Identification of the malonyl derivatization was based on several lines of chemical evidence. Two carbonyl groups and a methylene (CH2) group remained to be accounted for in the NMR spectrum after isoleucine was assigned. Although no additional direct structural information could be obtained from NMR, the lower-than-expected integration of C8 methylene (CH2) in the 1H spectrum was suggestive of a β-dicarbonyl group. Methylene protons in this group exchange with the solvent through a keto-enol tautomerization mechanism resulting in lower integration (20). In addition, MS/MS analysis suggested the presence of a very labile carboxylic acid group and an acetyl group; malonyl groups are known to degrade easily to acetyl groups by loss of a carboxylic acid, thus corroborating the MS/MS data.
The common presence of malonyl conjugates of d-amino acids in plants (21) led us to further investigate the stereo-configuration of M217. Isoleucine contains two stereocenters at carbon 2 (α-carbon) and 3 (Fig. 3). Determination of the stereochemistry was performed using NMR and LC-MS. Comparison of 1H spectra of M217 and authentic l-Ile and l-allo-Ile indicated that carbon 3 is in the allo-configuration (SI Appendix, Fig. S3). To determine the stereoconfiguration of the α-carbon, the amino acid was released from M217 by base hydrolysis and subjected to derivatization with Marfey’s reagent. This chiral derivatizing reagent causes intramolecular bonding of d-isomers resulting in longer retention on reverse-phase HPLC, allowing separation of d- and l-enantiomers that would otherwise coelute on a nonchiral column (22). Comparison with a derivatized authentic l-Ile standard revealed that the amino acid is the d-enantiomer.
Enzymatic Characterization of DAAR1.
Sequence analysis revealed that DAAR1 belongs to the phenazine biosynthesis-like protein family (PF02567), which is closely related to the DAP epimerase (PF01678), proline racemase (PF05544), and PrpF (PF04303) families (pfam.xfam.org).
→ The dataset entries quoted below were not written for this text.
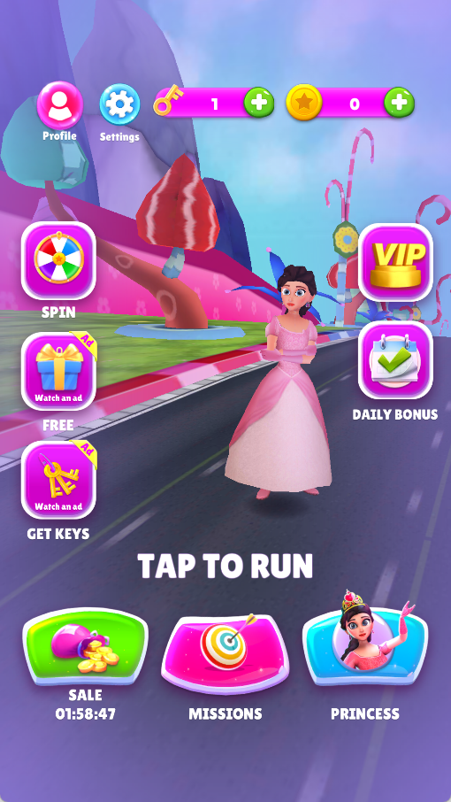玩家通过简单的手势操作控制公主左右移动、跳跃或下滑,巧妙避开赛道上的树木、岩石等自然障碍物与各种陷阱机关。在奔跑过程中要尽可能多地收集金币,这些金币可以用来解锁新角色皮肤和特殊道具。游戏还设置了吸铁石等随机道具,使用后可以在短时间内自动吸附周围的金币,大大提升收集效率。随着奔跑距离的增加,玩家可以获得更高的分数和更丰厚的奖励。
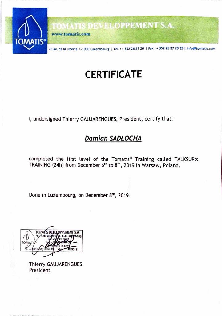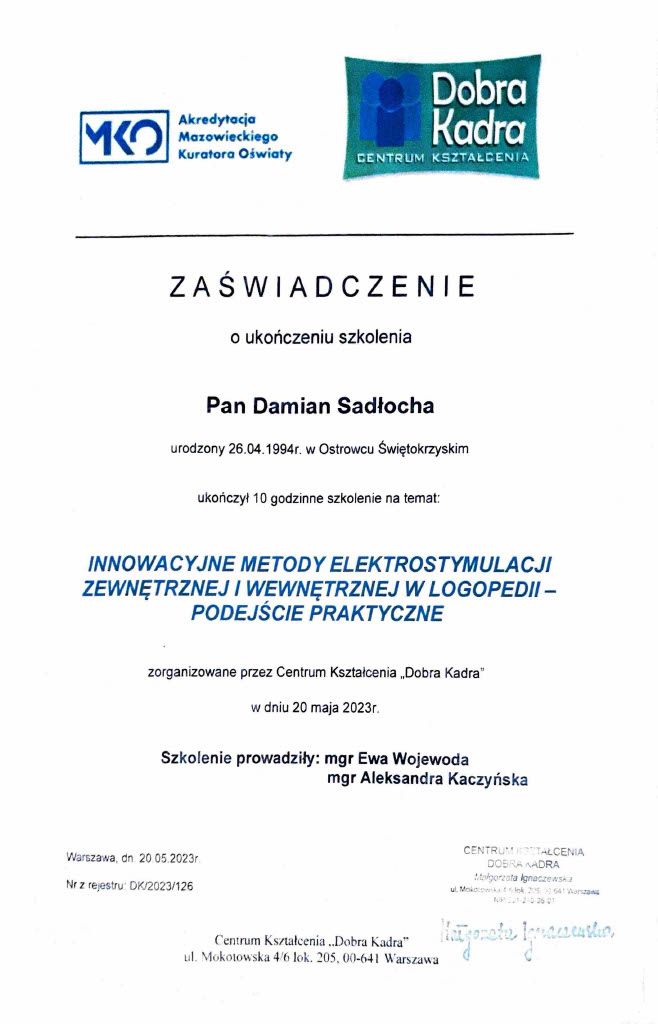 Ukończyłem szkolenia między innymi z elektrostymulacji, MÓWIka (AAC), Cyber-Oka. Brałem udział w licznych webinarach i konferencjach, np. „Metoda Tomatisa i ADHD”, „The Thomatis Method approch to AUTISM”.
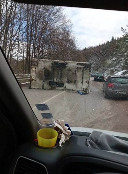 Според информация от шофьори в социалните мрежи, причината за затрудненото движение е обърнат контейнер от камион на качване към прохода "Петрохан" откъм София. Вследствие на инцидента в района се е образувало значително задръстване, като тапата продължава вече 30 минути.
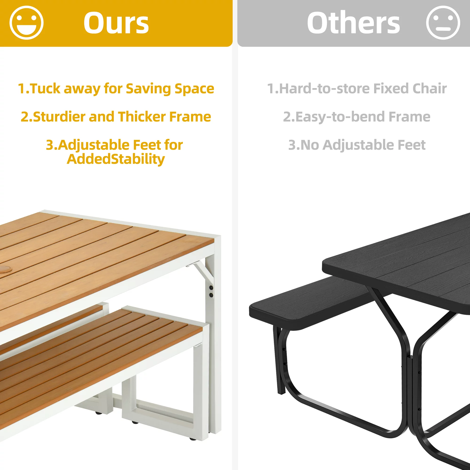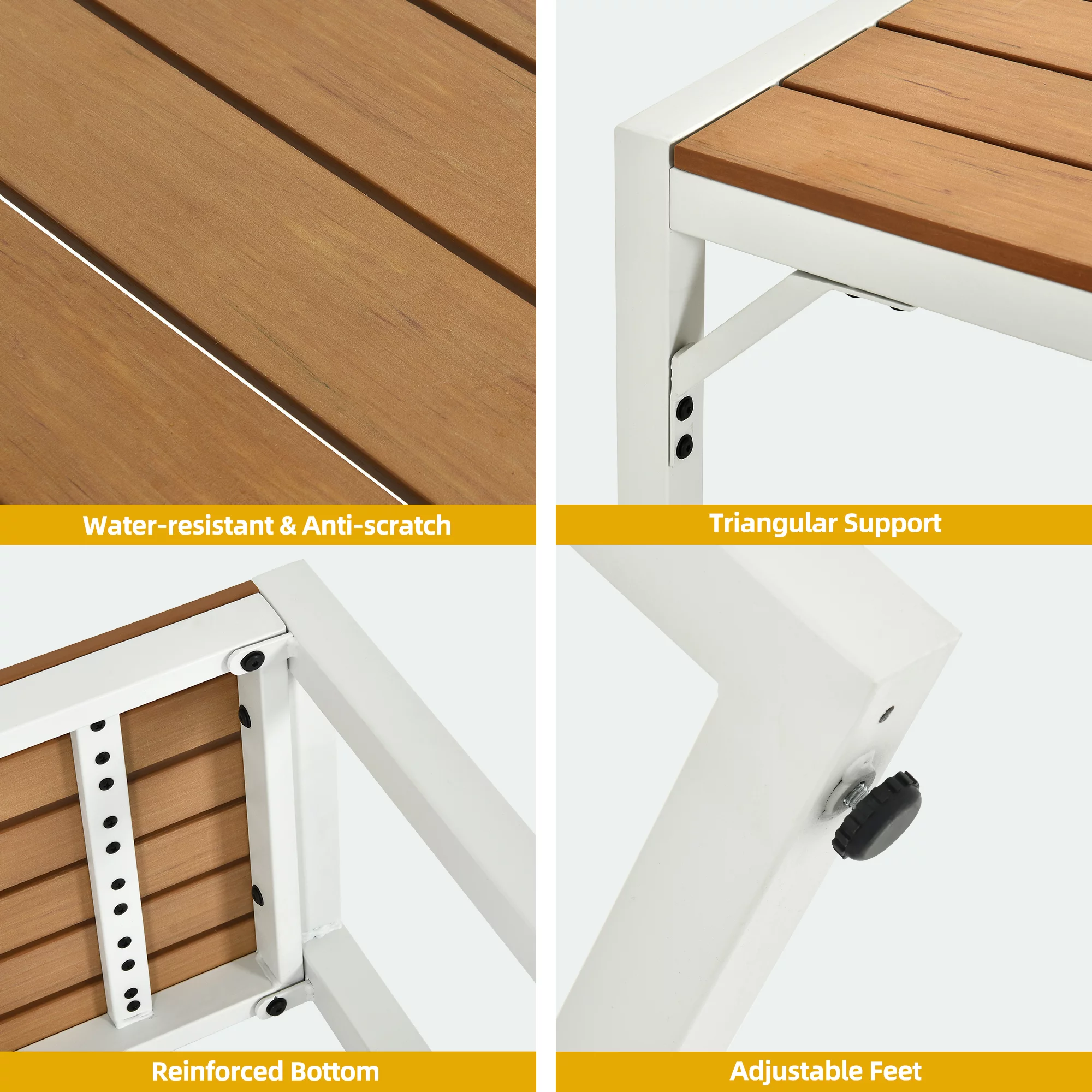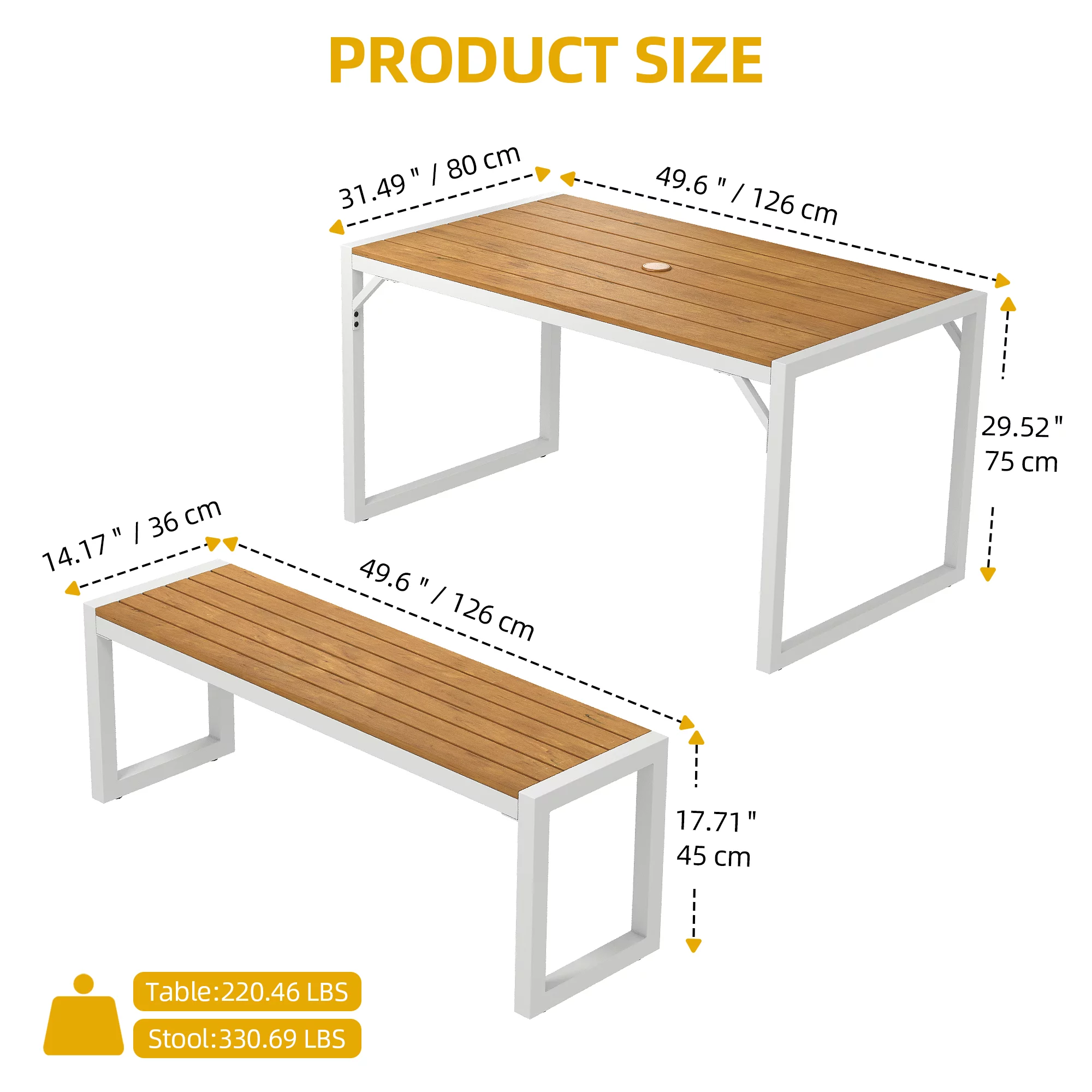 DWVO 3 Pieces Patio Dining Table Set, 2 Dining Bench and Wood Dining Table for 4-6 People - White & Wood

The characterized members of these families all catalyze isomerization reactions, suggesting that DAAR1 is likely also an isomerase. Due to the d-configuration of the α-carbon of Ile in NMD-Ile and the shared conserved catalytic residues with other PLP-independent racemase enzymes, we tested the hypothesis that DAAR1 catalyzes the conversion of l-Ile to d-Ile.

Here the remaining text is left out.